Muscle spindles simultaneously perform multiple tasks and functions to coordinate gross and fine motor movements, establish and maintain static postures, and protect individual skeletal muscles from overstretching. Muscle spindles are thus part of a complex control and regulation system. Coordinated movement requires that specific muscles each assume a predetermined static stretch state or follow a predetermined dynamic change in stretch state. The motor centers of the brain can perform these tasks because the muscle spindles simultaneously perform the passive function of a sensor and the active role of a target for the muscle. Via the contractile terminals of the intrafusal muscle fibers, the muscle spindles can follow and adapt to the respective stretch state of the muscles or generate the set point for the muscle. The length of the muscle is changed by appropriate contraction commands in such a way that a 0-potential is created with respect to the muscle spindle. In this case, the muscle adapts to the muscle spindle and not vice versa.

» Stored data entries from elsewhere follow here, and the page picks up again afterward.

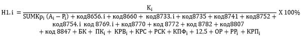 - операции с повышенными коэффициентами риска (сумма кодов 8731, 8809.i, 8814.i, 8816, 8818.i, 8820, 8822, 8824.i, 8826.i, 8828.i, 8830.i, 8834.i, 8836.i, 8838 за вычетом кода 8856.i). Показатель
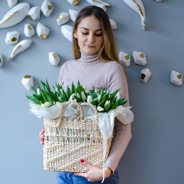 - Цветы в плетенной сумке "51 белый тюльпан"
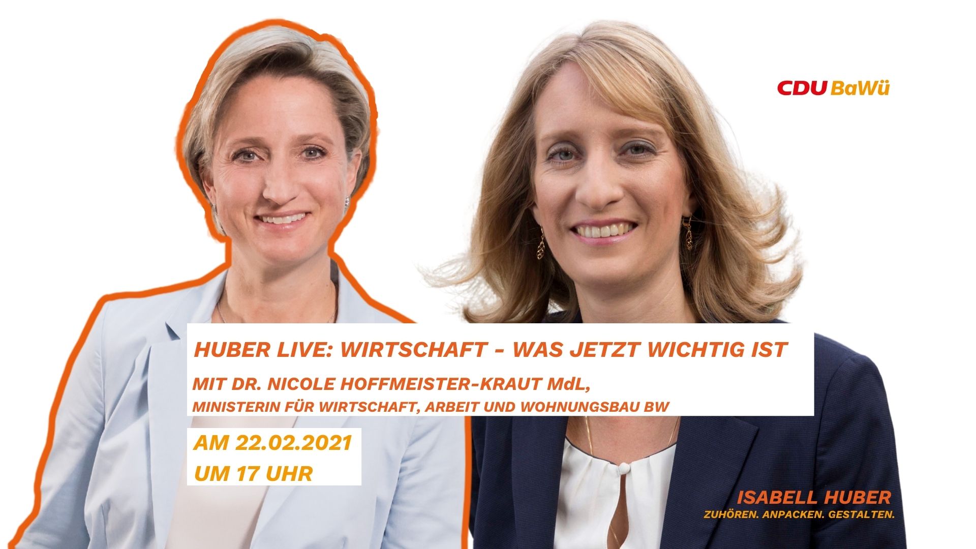 Wirtschaftsministerin Dr. Nicole Hoffmeister-Kraut MdL zu Gast bei Isabell Huber MdL Huber live: Wirtschaft - Was jetzt wichtig ist! am 22. Februar um 17 Uhr. Die Corona-Pandemie stellt unsere Wirtschaft vor enorme Herausforderungen....
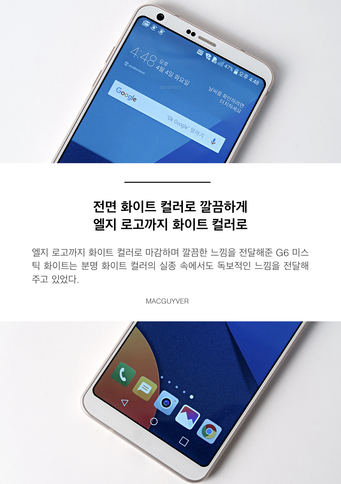 결론을 내려보자면, 여성분들이 선택하기에 더없이 좋은 컬러가 바로 G6 미스틱 화이트가 아닐까 싶네요. 후면 엣지 디자인과 한 손에 잡히는 작은 디자인을 통해 여성분들도 부담 없이 사용해볼 수 있었던 디자인을 갖췄기 때문입니다.
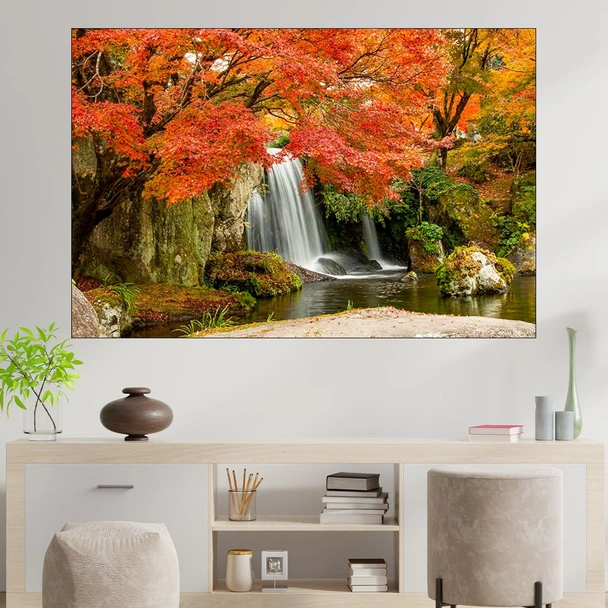 Декорация за стена (картина, пано) с мотив "Горски водопад през есента - картина пано за стена". Изработена от олекотено PVC с дебелина 5 мм или канава от 100% памук, опъната върху дървена подрамка с дебелина 5 см. Изображението се печата с висококачествен UV печат, което е гаранция за запазване на цветовете с години!

To fulfill their protective function against overstretching of the muscles, muscle spindles take over the control of involuntary stretch reflexes.As soon as the stretch state of a muscle exceeds a certain threshold value, which is detected by the muscle spindles, this triggers an involuntary contraction signal to the muscle concerned, which is also controlled by the muscle spindles. A typical example of such a contraction reflex is the patellar tendon reflex. A brief blow with the reflex hammer on the patellar tendon below the kneecap briefly signals overstretching of the quadriceps, which leads to the contraction reflex as the lower leg performs an involuntary twitch in the direction of leg extension.

Diseases

Independent morphologic diseases explicitly affecting muscle spindles are not known. This is probably due to the fact that muscle spindles are specialized muscle fibers that tend to follow diseases of the muscles in which they are embedded. First and foremost are muscular atrophies caused by underuse of the muscles. The corresponding muscle regresses as a result of the underuse and, in parallel, the muscle spindles also regress. Muscle atrophy is often caused by nervous diseases or by injury to the corresponding motor neurons, from which the muscle can no longer receive impulses. An example of neurogenically induced muscle atrophy is amyotrophic lateral sclerosis (ALS). This is a non-curable degenerative disease of the motor nervous system. Another rare disease is spinal muscular atrophy, which is caused by a gradually progressive loss of motor nerves in the anterior horn of the spinal cord. A number of diseases that result in changes in the motor endplates in the intrafusal muscle fibers of the muscle spindles are also due to neurological disorders and diseases. There is a cross-link between combating Alzheimer’s disease and the functioning of muscle spindles. A group of researchers in Berlin has found that the enzyme beta-secretase, which is blamed for the harmful protein deposits in Alzheimer’s, is apparently important for the functional efficiency of muscle spindles, so suppression of the enzyme in Alzheimer’s patients would also be expected to cause coordination disorders in movement.